Available data section start

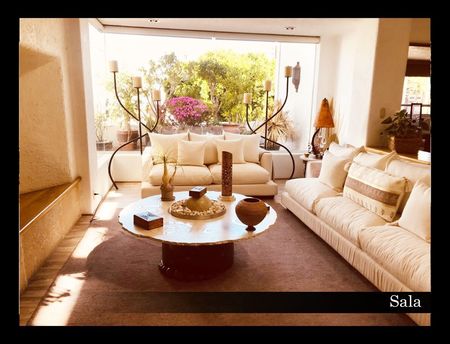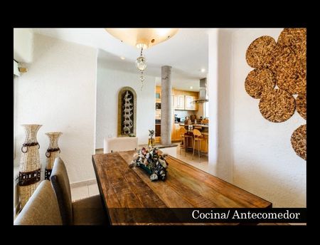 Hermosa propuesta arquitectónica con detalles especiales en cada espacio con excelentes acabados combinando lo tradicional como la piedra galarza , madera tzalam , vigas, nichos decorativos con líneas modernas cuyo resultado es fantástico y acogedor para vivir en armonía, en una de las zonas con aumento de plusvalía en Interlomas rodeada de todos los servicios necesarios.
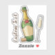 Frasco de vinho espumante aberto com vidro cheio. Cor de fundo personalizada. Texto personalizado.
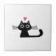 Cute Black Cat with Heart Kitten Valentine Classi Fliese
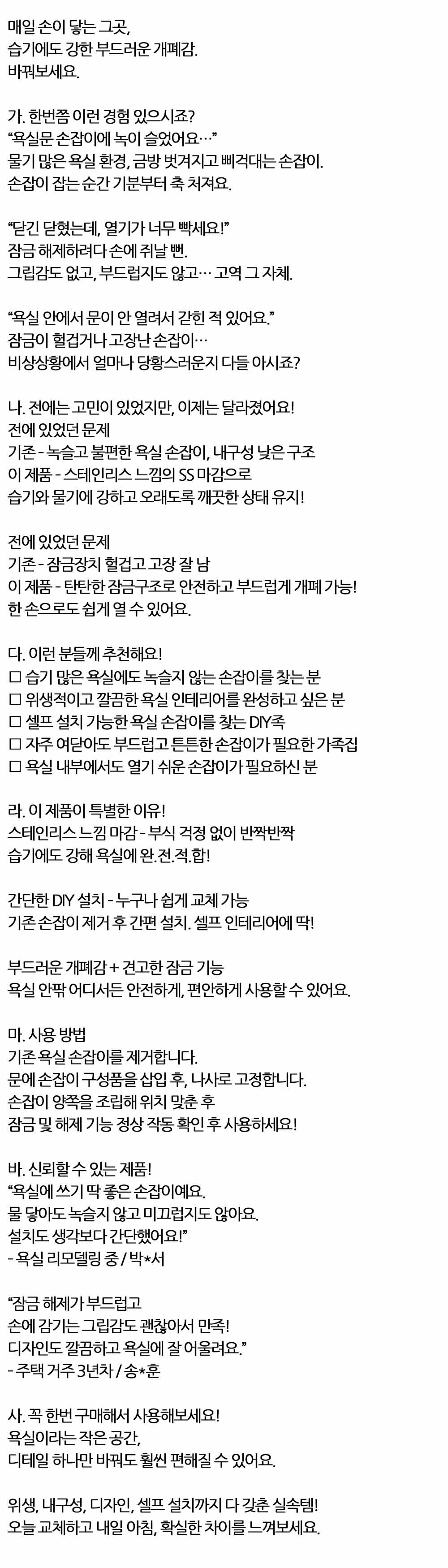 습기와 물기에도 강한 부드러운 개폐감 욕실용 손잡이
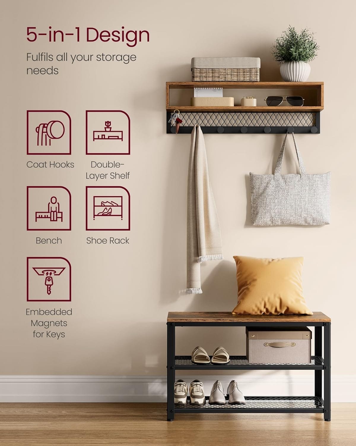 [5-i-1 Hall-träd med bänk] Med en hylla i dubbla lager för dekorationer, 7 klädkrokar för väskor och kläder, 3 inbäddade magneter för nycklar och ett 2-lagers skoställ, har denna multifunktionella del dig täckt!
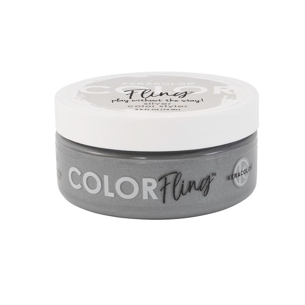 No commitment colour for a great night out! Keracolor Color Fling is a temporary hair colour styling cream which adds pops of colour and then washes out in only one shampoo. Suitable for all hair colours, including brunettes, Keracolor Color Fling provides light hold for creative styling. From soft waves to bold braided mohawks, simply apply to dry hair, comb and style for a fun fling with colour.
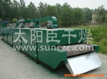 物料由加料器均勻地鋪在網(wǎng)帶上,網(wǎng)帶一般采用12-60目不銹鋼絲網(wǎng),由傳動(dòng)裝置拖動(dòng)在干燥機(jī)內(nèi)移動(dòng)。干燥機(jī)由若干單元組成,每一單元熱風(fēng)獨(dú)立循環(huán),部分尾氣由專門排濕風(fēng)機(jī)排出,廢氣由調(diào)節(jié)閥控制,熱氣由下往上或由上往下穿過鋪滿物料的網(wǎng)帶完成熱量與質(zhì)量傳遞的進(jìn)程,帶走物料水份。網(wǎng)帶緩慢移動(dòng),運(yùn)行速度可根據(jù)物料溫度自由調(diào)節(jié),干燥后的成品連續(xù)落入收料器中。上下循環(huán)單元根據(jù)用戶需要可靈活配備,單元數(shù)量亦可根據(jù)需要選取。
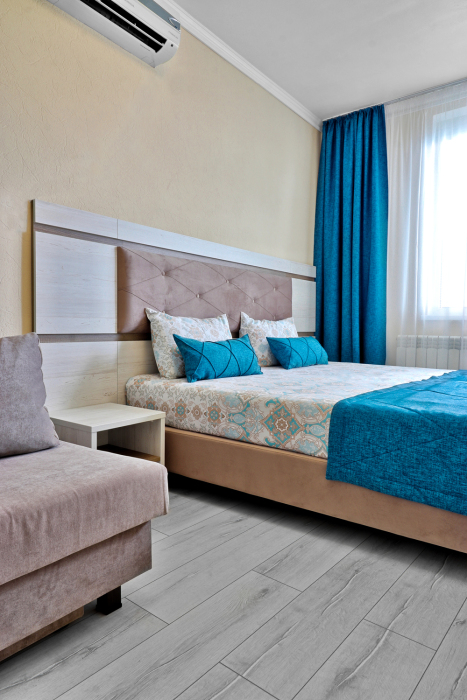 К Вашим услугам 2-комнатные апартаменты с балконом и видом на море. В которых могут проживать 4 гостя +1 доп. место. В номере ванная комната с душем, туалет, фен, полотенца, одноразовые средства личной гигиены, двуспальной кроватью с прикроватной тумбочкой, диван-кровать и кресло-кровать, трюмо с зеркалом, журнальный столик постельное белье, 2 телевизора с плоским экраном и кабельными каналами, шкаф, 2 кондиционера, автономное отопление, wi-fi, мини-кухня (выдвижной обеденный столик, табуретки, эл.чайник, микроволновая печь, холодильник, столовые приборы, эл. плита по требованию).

Available data section end

» What to do:
Would you please repeat only the lines above, beginning at the one that has "Cute Black Cat" and stopping after the one that has "[5-i-1 Hall-träd med", exactly and with no pictures?

» Solution:
 Cute Black Cat with Heart Kitten Valentine Classi Fliese
 습기와 물기에도 강한 부드러운 개폐감 욕실용 손잡이
 [5-i-1 Hall-träd med bänk] Med en hylla i dubbla lager för dekorationer, 7 klädkrokar för väskor och kläder, 3 inbäddade magneter för nycklar och ett 2-lagers skoställ, har denna multifunktionella del dig täckt!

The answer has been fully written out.